- What the task asks
Your answer should be the lines below from the one with "Mikrop Pure Colostrum je" to the one with "User-generated photos, reactions, and", both included, given again exactly and with nothing added.

Material for this exercise: Begin

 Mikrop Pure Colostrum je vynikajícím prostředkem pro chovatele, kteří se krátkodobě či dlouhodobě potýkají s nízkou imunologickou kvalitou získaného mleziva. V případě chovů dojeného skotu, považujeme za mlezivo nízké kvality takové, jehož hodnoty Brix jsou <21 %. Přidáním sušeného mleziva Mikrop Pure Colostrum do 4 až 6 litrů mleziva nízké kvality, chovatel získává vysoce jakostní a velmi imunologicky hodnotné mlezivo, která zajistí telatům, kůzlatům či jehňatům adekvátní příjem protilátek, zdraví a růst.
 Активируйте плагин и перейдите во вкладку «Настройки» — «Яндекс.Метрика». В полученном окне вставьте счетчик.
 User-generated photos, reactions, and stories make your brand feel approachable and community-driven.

Material for this exercise: End
Material for this exercise: Begin

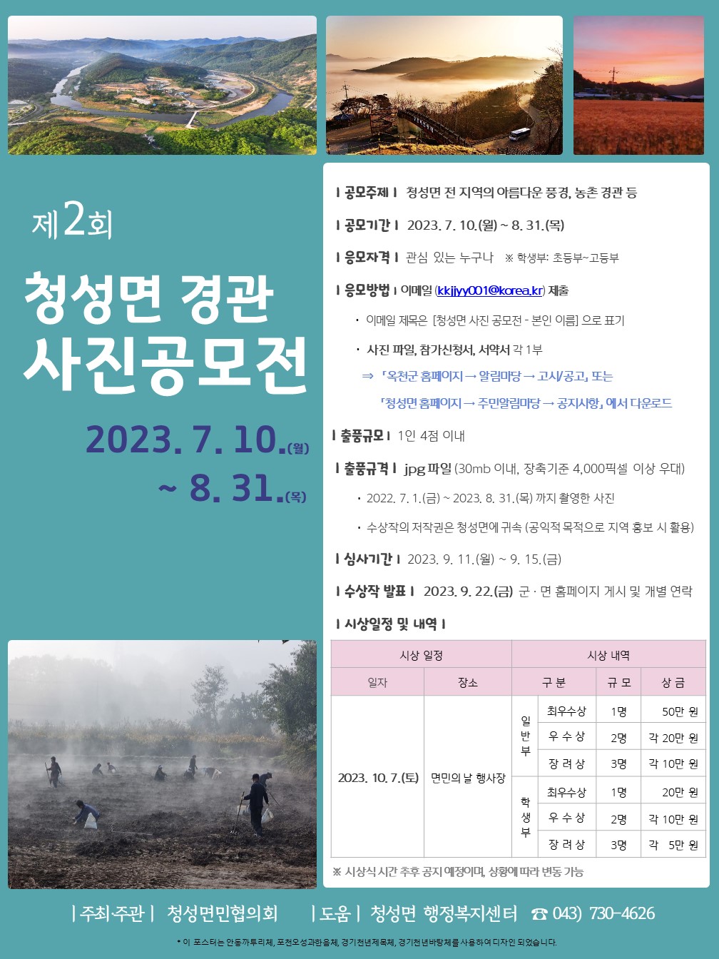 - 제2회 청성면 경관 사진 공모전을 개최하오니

Material for this exercise: End

- Written answer
 Mikrop Pure Colostrum je vynikajícím prostředkem pro chovatele, kteří se krátkodobě či dlouhodobě potýkají s nízkou imunologickou kvalitou získaného mleziva. V případě chovů dojeného skotu, považujeme za mlezivo nízké kvality takové, jehož hodnoty Brix jsou <21 %. Přidáním sušeného mleziva Mikrop Pure Colostrum do 4 až 6 litrů mleziva nízké kvality, chovatel získává vysoce jakostní a velmi imunologicky hodnotné mlezivo, která zajistí telatům, kůzlatům či jehňatům adekvátní příjem protilátek, zdraví a růst.
 Активируйте плагин и перейдите во вкладку «Настройки» — «Яндекс.Метрика». В полученном окне вставьте счетчик.
 User-generated photos, reactions, and stories make your brand feel approachable and community-driven.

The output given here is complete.